The logrotate script was created to monitor, archive and delete log files so you don’t have to. It is an absolutely vital utility with which, in theory, a Linux host could run literally forever without maintenance. It’s installed in the base bundle on all major versions of Linux.

The key things you need to know is that the logrotate process is called by the cron daemon, with the wrapper script located at:

   /etc/cron.daily/logrotate

And each logfile (or set of logfiles) which is to be monitored and archived has its own logrotate configuration file under:

   /etc/logrotate.d/

Every time the logrotate program is executed by cron, it checks every monitored logfile against the conditions in the logrotate.d configuration, and then copies it aside, with a number added as an extension, while resetting the original logfile size to zero.
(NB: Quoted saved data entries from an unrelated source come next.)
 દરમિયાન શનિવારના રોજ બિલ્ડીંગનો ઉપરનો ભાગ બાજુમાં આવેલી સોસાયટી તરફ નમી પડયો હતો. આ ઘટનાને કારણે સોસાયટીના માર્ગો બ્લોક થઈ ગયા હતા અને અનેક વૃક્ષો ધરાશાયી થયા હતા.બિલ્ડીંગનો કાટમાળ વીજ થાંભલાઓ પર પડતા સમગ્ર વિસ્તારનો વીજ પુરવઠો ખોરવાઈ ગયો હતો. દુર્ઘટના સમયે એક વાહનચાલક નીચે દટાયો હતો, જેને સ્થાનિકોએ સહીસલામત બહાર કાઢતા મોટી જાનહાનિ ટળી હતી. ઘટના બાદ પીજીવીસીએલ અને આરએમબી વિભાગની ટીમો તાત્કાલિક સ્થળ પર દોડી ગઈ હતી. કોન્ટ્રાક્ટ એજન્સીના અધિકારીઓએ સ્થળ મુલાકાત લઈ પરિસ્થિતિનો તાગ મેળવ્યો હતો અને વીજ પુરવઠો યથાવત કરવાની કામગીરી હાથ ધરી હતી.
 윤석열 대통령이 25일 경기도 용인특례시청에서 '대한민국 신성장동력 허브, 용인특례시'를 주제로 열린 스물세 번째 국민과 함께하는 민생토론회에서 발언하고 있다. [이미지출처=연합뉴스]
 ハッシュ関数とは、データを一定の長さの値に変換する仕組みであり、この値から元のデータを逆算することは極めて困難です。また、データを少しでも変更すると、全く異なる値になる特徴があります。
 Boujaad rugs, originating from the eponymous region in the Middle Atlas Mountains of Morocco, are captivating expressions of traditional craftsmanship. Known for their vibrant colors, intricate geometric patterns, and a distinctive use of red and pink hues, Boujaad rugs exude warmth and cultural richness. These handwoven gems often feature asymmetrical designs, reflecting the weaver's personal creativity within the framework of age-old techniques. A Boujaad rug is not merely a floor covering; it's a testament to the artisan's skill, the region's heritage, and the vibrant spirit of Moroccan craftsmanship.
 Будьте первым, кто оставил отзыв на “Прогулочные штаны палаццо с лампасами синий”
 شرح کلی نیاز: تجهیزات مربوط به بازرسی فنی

Most well-written programs output to a logfile. In order to do so, the filehandle is held open so that the process can exclusively write to this file. But for write efficiency, Linux systems use a buffer cache, which means that output is not written immediately to the filesystem, but is rather buffered in memory and then written out in chunks. During log rotation, if the buffer cache hasn’t been flushed when the logfile gets rotated (that is, moved) then data can be lost. With databases which make an even greater use of memory for speed and internal consistency, this is even more important.
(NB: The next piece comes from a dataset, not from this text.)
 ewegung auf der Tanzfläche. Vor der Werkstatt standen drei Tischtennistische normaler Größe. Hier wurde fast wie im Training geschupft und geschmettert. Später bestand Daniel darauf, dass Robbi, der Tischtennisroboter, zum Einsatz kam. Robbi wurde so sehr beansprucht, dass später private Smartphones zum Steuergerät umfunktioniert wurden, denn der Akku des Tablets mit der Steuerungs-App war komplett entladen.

The man page for logrotate is extensive and well-described, but for the purposes of this post, I’m going to give three real world examples which illustrate three different challenges one faces when rotating log files.

Apache HTTPD

The Apache webserver provides a good candidate for logrotate, because its usual mode of operation is to record all incoming connections, and so log files can become quite large, quickly for a busy server. The configuration file is a simple one, because HTTPD can be reloaded quickly and cleanly, allowing easy refreshing of its log file. The following is the configuration file:
/etc/logrotate.d/httpd

/var/log/apache/*log {
    missingok
    sharedscripts
    daily
    rotate 31
    postrotate
       /sbin/service httpd reload > /dev/null 2>/dev/null || true
    endscript
}

In short, this will perform the rotation at most on a daily basis and retain 31 old logfiles. The postrotate/endscript block will be executed once only per rotation due to the sharedscripts keyword (rather than once per file), and will reload the daemon in order to refresh its logfile.

Apache Tomcat

Tomcat on the other hand, doesn’t have the “reload” option for the daemon, as it spawns a separate JVM on startup. What’s more, Tomcat can take some time to restart, and often isn’t particular reliable at shutting down either. This therefore requires something with more brute force and less elegant, but this is a necessary trade-off. Here is the configuration file:
/etc/logrotate.d/tomcat

/var/tomcat/log/catalina.out {
    copytruncate
    daily
    rotate 7
    compress
    missingok
    size 5M
    dateext
}

In order to overcome the problem of not being able to easily refresh the daemon and begin a new log file, the copytruncate directive is used. What this does is to copy the log file, but then truncate the current version, that is cat /dev/null > logfile, thus preserving the open file handle, but zeroing the file. The process continues to write to the logfile as if nothing has happened. The problem with this method is that there is a chance that some log output will be lost due to the buffer cache not being flushed. This risk needs to be weighed against the benefits, which are considerable.
Also note in the previous example that the catalina.out file will be checked daily but only rotated if it has reached 5MB in size. The dateext directive will append the date, in the form YYYYMMDD to the end of the filename, i.e. catalina.out.20120325 rather than just appending an incremented integer.

MySQL

The final example is a log rotation config for the MySQL database daemon. As databases often do, MySQL caches its logs in memory, and if full query logging is enabled these can be considerable. The logs can only be flushed to the filesystem by sending a command to the MySQL daemon:

    # /usr/bin/mysqladmin flush-logs

However, this command requires root privileges and will prompt for a password, and logrotate, being instigated by cron, cannot answer an interactive session. So, to pass login credentials to MySQL (so the automated logrotate script can authenticate), create the following file with contents:

/root/.my.cnf

[mysqladmin]
user = root
password = changeme

(change the root password to match that of your database instance).
Then, secure this file so that only root can read it, like so:

   # chmod 600 /root/.my.cnf

With this in place in the root home directory, the mysqladmin command can be authenticated noninteractively. This allows us to configure logrotate to work with MySQL. The following logrotate configuration file will do the trick:

/etc/logrotate.d/mysql

/var/log/mysql/*.log {
    create 644 mysql mysql
    notifempty
    daily
    rotate 5
    missingok
    nocompress
    sharedscripts
    postrotate
        if [ `pgrep -n mysqld` ]; then
          /usr/bin/mysqladmin flush-logs
        fi
    endscript
}

Again, the man pages will explain all of these options, but the create directive is here important. MySQL requires that the log file already exists before it will log to it. Thus the create directive touches a new logfile with the specified ownership and permissions because the daemon won’t recreate it. The other thing to look at is the postrotate script. In this case, before the mysqladmin command is run, logrotate checks that the mysqld daemon is actually running, otherwise an error would be produced.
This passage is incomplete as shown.